**What to do**
Omit every picture, and retype the lines that run from the beginning of the data below through the line containing "中國石油化工集團公司人事部副主任傅興順先生為獲獎學生頒獎", inclusive.

─── Collected material ───

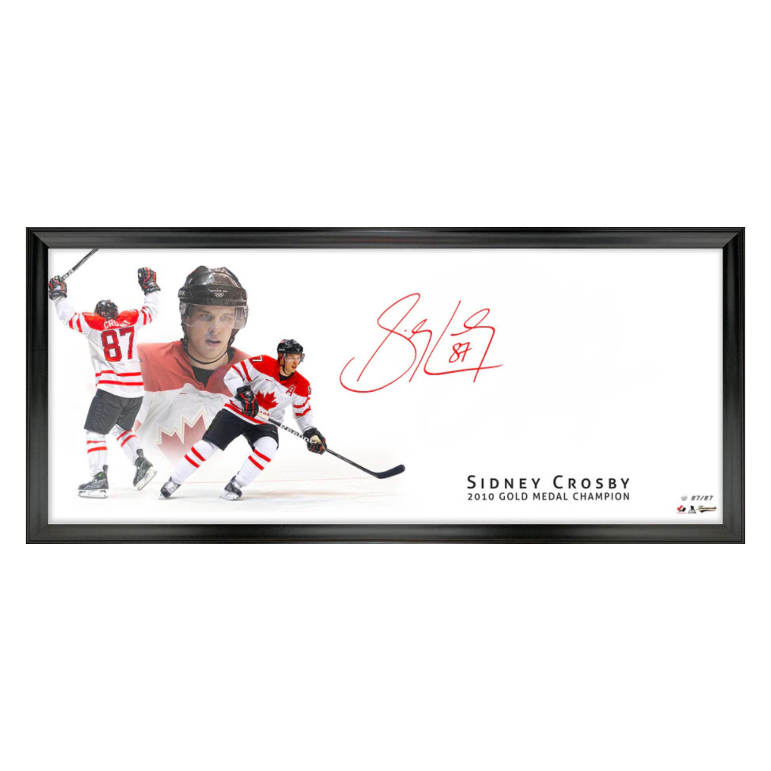 This print of Sidney Crosby comes personally autographed by Sidney Crosby before being professionally framed. This print comes with a certificate of authenticity and a hologram from Frameworth to ensure authenticity. Signatures may vary. Made in Canada. Finsihed size: 48×21″
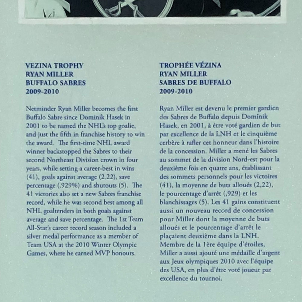 Ryan Miller 2009-10 Vezina Trophy Plexiglass Plaque - Once on Display in the HOF's Great Hall
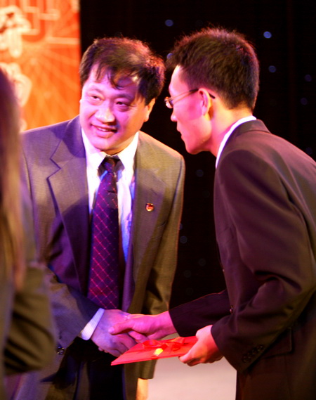 中國石油化工集團公司人事部副主任傅興順先生為獲獎學生頒獎
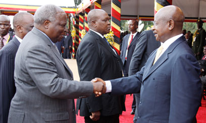 President Kibaki congratulates Yoweri Museveni during celebrations to mark 50 years of Uganda’s Independence/PPS

───

**Expected answer**
 This print of Sidney Crosby comes personally autographed by Sidney Crosby before being professionally framed. This print comes with a certificate of authenticity and a hologram from Frameworth to ensure authenticity. Signatures may vary. Made in Canada. Finsihed size: 48×21″
 Ryan Miller 2009-10 Vezina Trophy Plexiglass Plaque - Once on Display in the HOF's Great Hall
 中國石油化工集團公司人事部副主任傅興順先生為獲獎學生頒獎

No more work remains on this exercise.